Tice was one of 10 teachers and school staff that participated in a “Fear Factor”-themed challenge for Howl-a-palooza, an event held every six weeks at Cottonwood exclusively for students that have met four criteria: no more than two absences, no behavior problems and 90 percent of homework and classwork completed.
The students also got to see their principal, Chris Mauger, and their vice principal, Matt Sheffield, take the “nuclear wings” challenge — eat six hot wings in six minutes without drinking any milk or water.
The “nuclear” wings, which were provided by Beef ‘O’ Brady’s, are chicken wings basted in a recipe that the manager of Beef’s, Marchal Mulligan, says is a secret.
“My face is on fire,” said Sanna Bartlebough, the school’s Parent Teacher Committee treasurer and contestant of the nuclear wing eating contest. “They were the hottest thing I’ve ever eaten.”

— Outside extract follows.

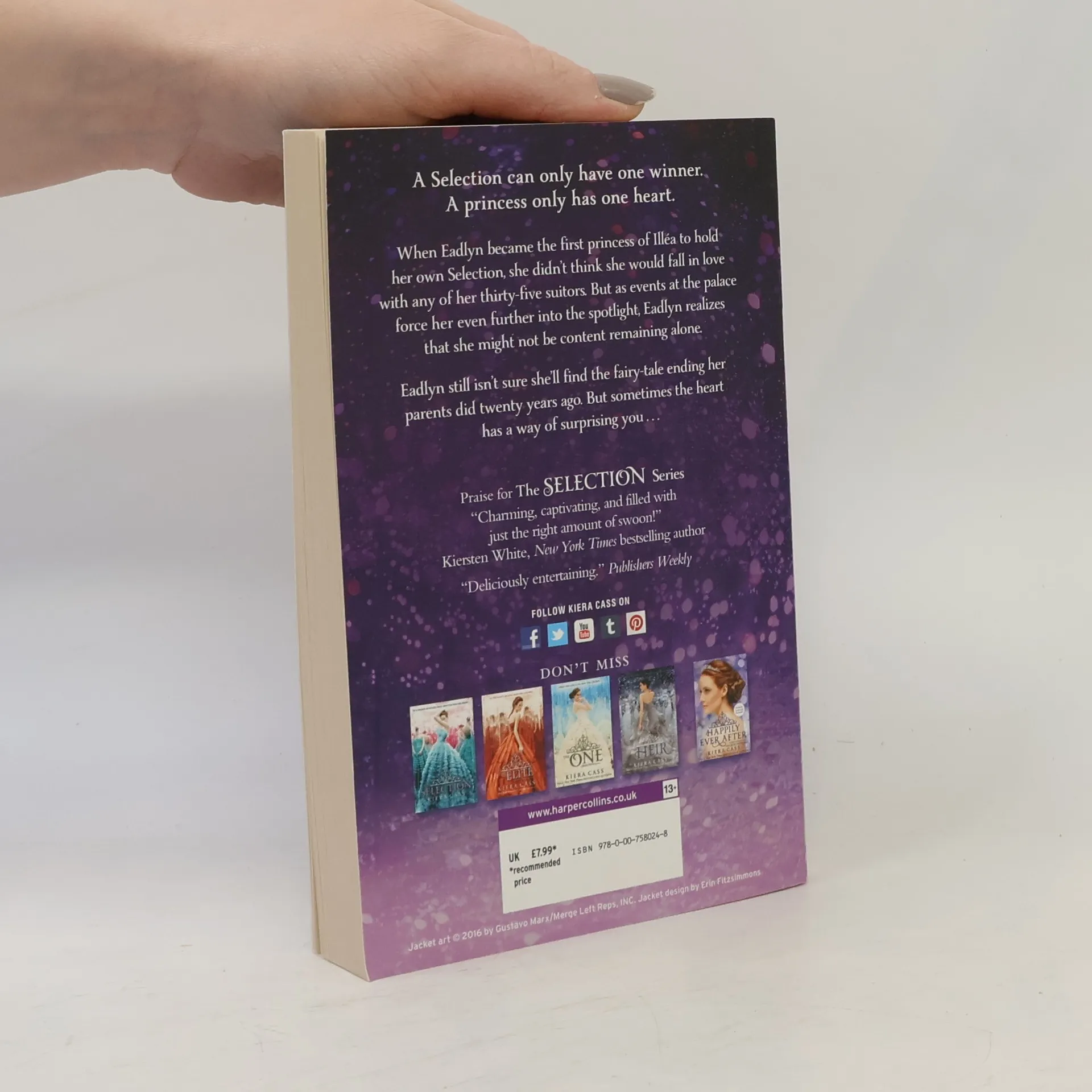 35 suitors entered the Selection. Only 1 will win her heart. The fifth and final captivating novel in Kiera Cass's #1 New York Times bestselling Selection series! In The Heir, a new era dawned in the world of The Selection. Twenty years have passed since America Singer and Prince Maxon fell in love, and their daughter is the first princess to hold a Selection of her own. Eadlyn didn't think she would find a real partner among the Selection's thirty-five suitors, let alone true love. But sometimes the heart has a way of surprising you... and now Eadlyn must make a choice that feels more difficult - and more important - than she ever expected.

Mauger, who won the competition, agreed.
“This was the part that I feared the most,” Mauger said of the wing-eating contest, which is a scaled-down version of the “15 wings in 15 minutes” challenge that is typically held at Beef ‘O’ Brady’s. “The kids love it though, so we may have to do it again.”
Mauger said that the students get to choose which events they liked the most at the end of the year and they’ll get to do them again. Some of the activities they’ve done included a dunk tank, pie-in-the-face and “minute-to-win-it.”
“It’s great to see that the kids are excited about this,” Mauger said. “It keeps kids involved in school, which is where they need to be at.”